I received a module whose source of failure was easily identifiable: a charred tantalum capacitor. It failed short, making the whole multithousand-dollar module nonoperational. This surface-mount capacitor—with a 7343 footprint and 20V rating—was sitting on a 12V-dc plane. This failure rate of one capacitor in about 10,000 pieces in this time span was well below the statistical prediction. I took a picture of the fallen capacitor and considered the case closed.

In a few weeks, a customer returned a similar module with a charred and shorted capacitor in the same location. Even including this case, the failure rate was still below statistical prediction. I knew there were five more identical capacitors on the board, sitting in parallel on the same 12V-dc plane. In addition to the module's failure rate, I now had a one-in-six chance with the capacitors. So, I took another picture. I wrote a report to calm upper management, but I had a feeling that I'd better study reliability calculation in general and reliability for tantalum capacitors in particular, and the faster, the better.

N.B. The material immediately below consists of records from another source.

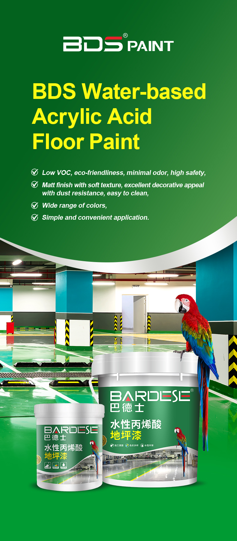 BDS Water-based Acrylic Acid Floor Paint is a single-component DIY floor coating material for home decoration, suitable for concrete floor decoration. No professional team is required, and ordinary users can operate it easily.The product boasts the advantage of low odor, with no irritating fumes during application. It is easy to apply, lowering the operational threshold, allowing even ordinary users to follow step-by-step instructions and achieve quick mastery. With fast drying speed, it can shorten the construction cycle, minimize disruption to daily life, and is safe and environmentally friendly, aligning with the requirements for healthy living. Additionally, it offers a wide range of color options to meet basic decorative needs.After the coating dries, it effectively prevents dusting on concrete while enabling decorative color changes for the floor. It remains resistant to dirt and easy to clean during daily use, maintaining its integrity even under mild wear conditions. It is suitable for residential floors with basic performance requirements or lightly trafficked industrial floors.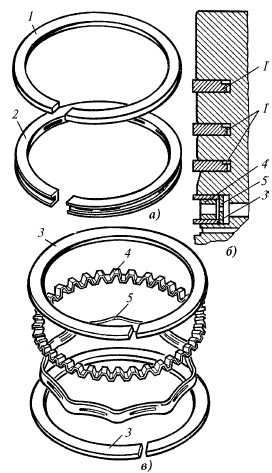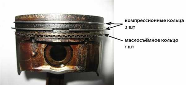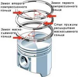 ΠΠ±ΡΡΠ½ΠΎ Π² ΠΏΠΎΡΡΠ΅Π½Ρ Π²ΡΡΠ°Π²Π»ΡΡΡΡΡ 3 ΠΊΠΎΠ»ΡΡΠ°: 2 ΠΊΠΎΠΌΠΏΡΠ΅ΡΡΠΈΠΎΠ½Π½ΡΡ (Π·Π°Π½ΠΈΠΌΠ°ΡΡ 2 Π²Π΅ΡΡ Π½ΠΈΡ ΠΊΠ°Π½Π°Π²ΠΊΠΈ) ΠΈ 1 ΠΌΠ°ΡΠ»ΠΎΡΡΠ΅ΠΌΠ½ΠΎΠ΅ (Π½ΠΈΠΆΠ½ΡΡ ΠΊΠ°Π½Π°Π²ΠΊΠ°). ΠΠ°Π΄Π°ΡΠ° ΠΊΠΎΠΌΠΏΡΠ΅ΡΡΠΈΠΎΠ½Π½ΡΡ ΠΊΠΎΠ»Π΅Ρ β Π½Π΅ Π΄ΠΎΠΏΡΡΡΠΈΡΡ ΠΏΡΠΎΡΡΠ²Π° ΡΠ°ΡΠΊΠ°Π»Π΅Π½Π½ΡΡ Π³Π°Π·ΠΎΠ² Π²Π΄ΠΎΠ»Ρ ΠΏΠΎΡΡΠ½Ρ Π² ΠΊΠ°ΡΡΠ΅Ρ Π΄Π²ΠΈΠ³Π°ΡΠ΅Π»Ρ. ΠΠ°ΡΠ»ΠΎΡΡΠ΅ΠΌΠ½ΠΎΠ΅ β ΡΠ½ΠΈΠΌΠ°Π΅Ρ Π»ΠΈΡΠ½Π΅Π΅ ΠΌΠ°ΡΠ»ΠΎ Ρ Π·Π΅ΡΠΊΠ°Π»Π° ΡΠΈΠ»ΠΈΠ½Π΄ΡΠ°, Π½Π΅ Π΄Π°Π²Π°Ρ Π΅ΠΌΡ ΠΏΠΎΠΏΠ°ΡΡΡ Π² ΠΊΠ°ΠΌΠ΅ΡΡ ΡΠ³ΠΎΡΠ°Π½ΠΈΡ. ΠΡΠΎΠΌΠ΅ ΡΠΎΠ³ΠΎ, ΠΊΠΎΠ»ΡΡΠ° ΡΠ½ΠΈΠΆΠ°ΡΡ ΡΠ΅ΠΌΠΏΠ΅ΡΠ°ΡΡΡΡ ΠΏΠΎΡΡΠ½Ρ, ΠΏΠ΅ΡΠ΅Π΄Π°Π²Π°Ρ ΠΏΡΠ°ΠΊΡΠΈΡΠ΅ΡΠΊΠΈ ΠΏΠΎΠ»ΠΎΠ²ΠΈΠ½Ρ ΡΠ΅ΠΏΠ»Π° Π΅Π³ΠΎ ΠΏΠΎΠ²Π΅ΡΡ Π½ΠΎΡΡΠΈ Π½Π° ΡΡΠ΅Π½ΠΊΠΈ ΡΠΈΠ»ΠΈΠ½Π΄ΡΠ°.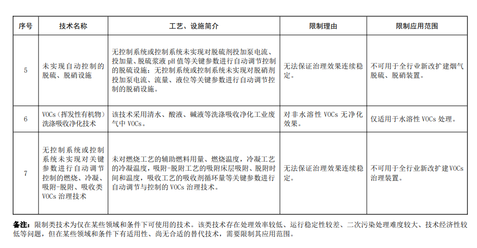 其中限制類7 項,淘汰類13項,涉及除塵、脫硫脫硝、VOCs治理等大氣污染防治細分領域。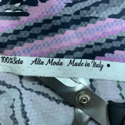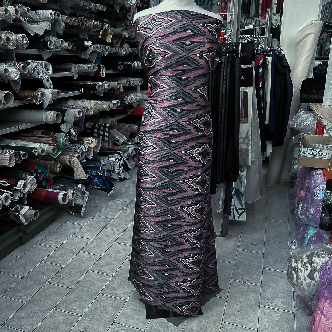 Tessuto in raso di seta alta moda Made in Italy fantasia geometrica a rombi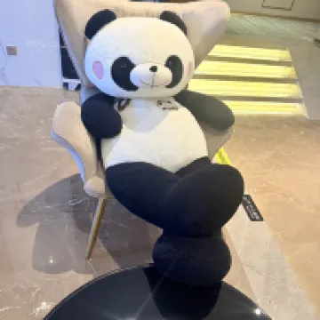 The hotel is in the lobby at the restaurant. There are panda figurines available for taking photos.1199

In another few weeks, I received another failed module. The same capacitor looked bad. I had by now done my studying and could intimidate other people by saying long and complicated sentences about reliability, but why was it always the same capacitor? Overvoltage? Spikes? No way. The same plane contained plenty of sensitive stuff that would fry well before the capacitor even felt it. Having nothing better, I clung to the theory of excessive ripple current.

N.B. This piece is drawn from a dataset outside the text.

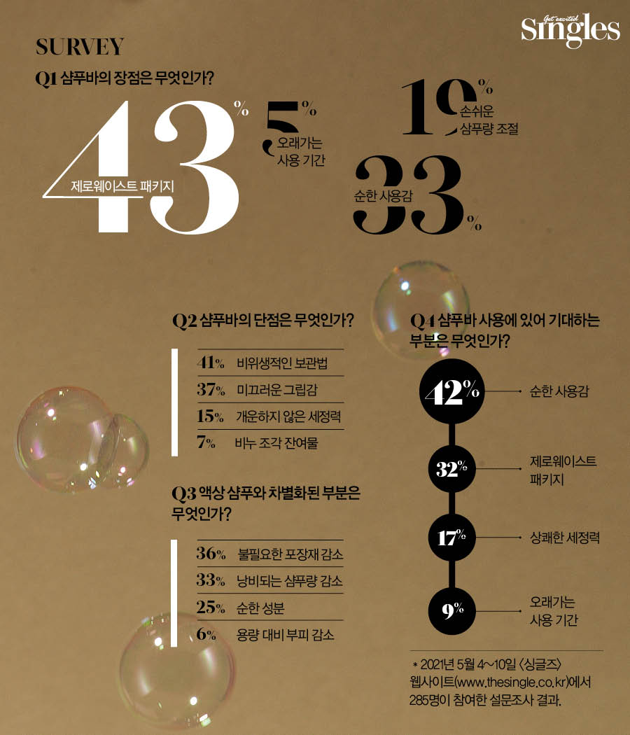 실제로 <싱글즈> 설문조사에 참여한 샴푸바 사용자 중 43%가 제로웨이스트 패키지를 장점으로 꼽았다. 대부분의 샴푸바는 기본적으로 불필요한 패키지를 줄이는 데 집중했지만 성분 또한 착하다. 톤28의 정마리아 대표는 “고체 뷰티는 방부제 없이도 제품을 빚어낼 수 있다는 점이 장점이죠. 샴푸바 역시 환경과 피부에 유해한 성분을 대체할 수 있는 저자극 성분만을 담아 완성했어요”라고 말하며 샴푸바의 순한 성분에 대해 강조한다. 물론 샴푸바 이면에는 불편한 사용감이라는 단점도 존재한다. 샴푸바 사용자 중 41%가 비위생적인 보관법을, 37%가 미끄러운 그립감을 단점으로 꼽았다.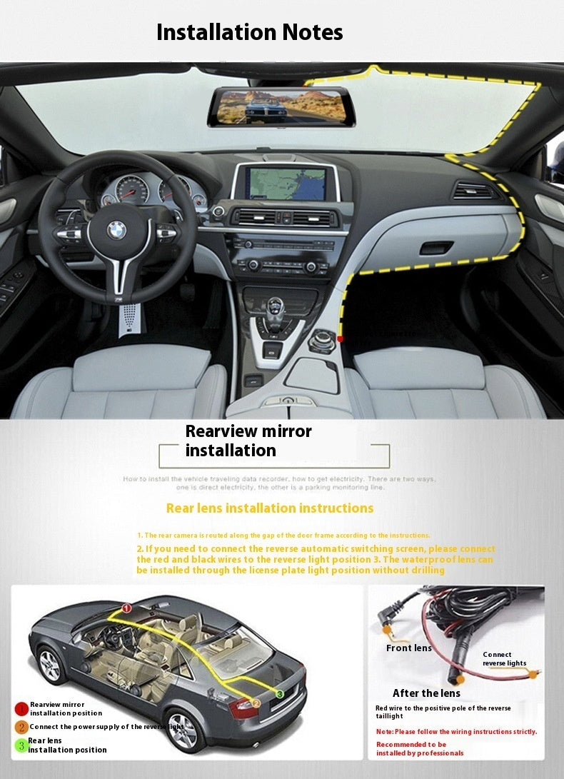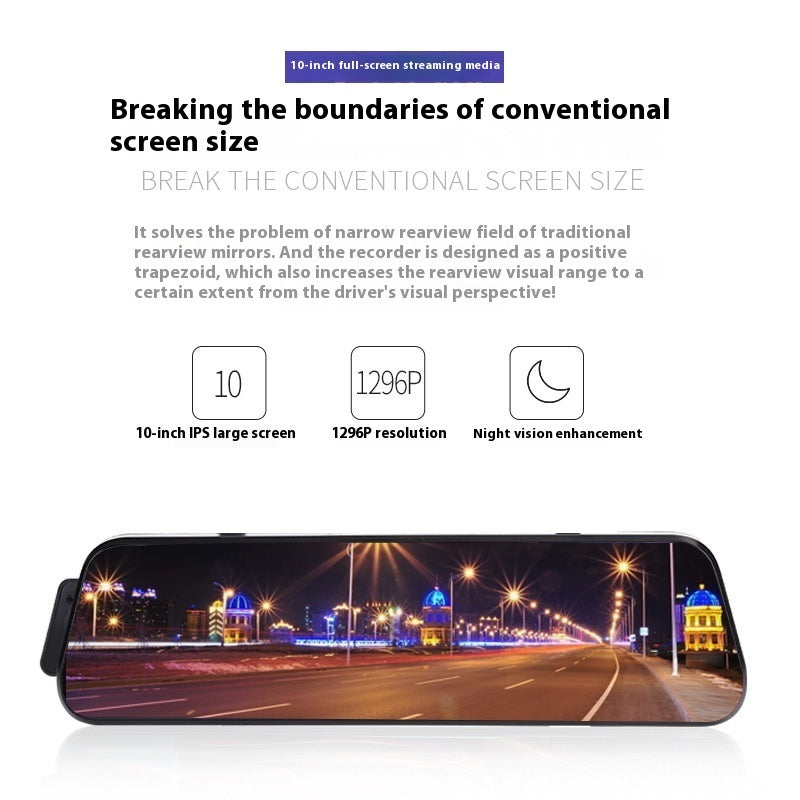 Streaming Media Rearview Mirror Tachograph 10-inch Full Screen Touch HD Night Vision Front And Rear Dual Lens Reversing Image

The idea of a temperature rise due to ripple current causing the failure gained traction when all three photos of the fallen capacitors revealed a common condition: almost no solder on each negative terminal. The electrical connection was still good, but there was little solder. The capacitor's positive terminal was fine with a fair amount of curvature-profiled solder. I started to promote the idea that the lack of solder had caused impeded thermal contact, but it was only wishful thinking. I calculated the worst ripple current: 10% of the maximum rating. On an operational board, I got less than 5%.

I had already dismissed other ideas—from excessive humidity to airflow turbulence. Suddenly, the picture of the layout popped up in my mind. The layout sections for the five good capacitors were identical: Vias were close to both terminals going down to an internal layer. The bad capacitor had a via at the positive terminal, but, at the negative end, there was a heavy trace going inside the footprint, beneath the capacitor, and only then outside. That's when I knew how to fit together all the pieces of the puzzle.

On the positive terminal, the solder stayed where it was supposed to, clinching the terminal to the PCB (printed-circuit board). On the negative side, however, during assembly, the melted solder drifted under the capacitor and solidified, lifting the negative end and bending the capacitor just enough to create a microcrack—a capacitor's well-known nemesis. I never felt as much excitement writing a technical report as I did the next day.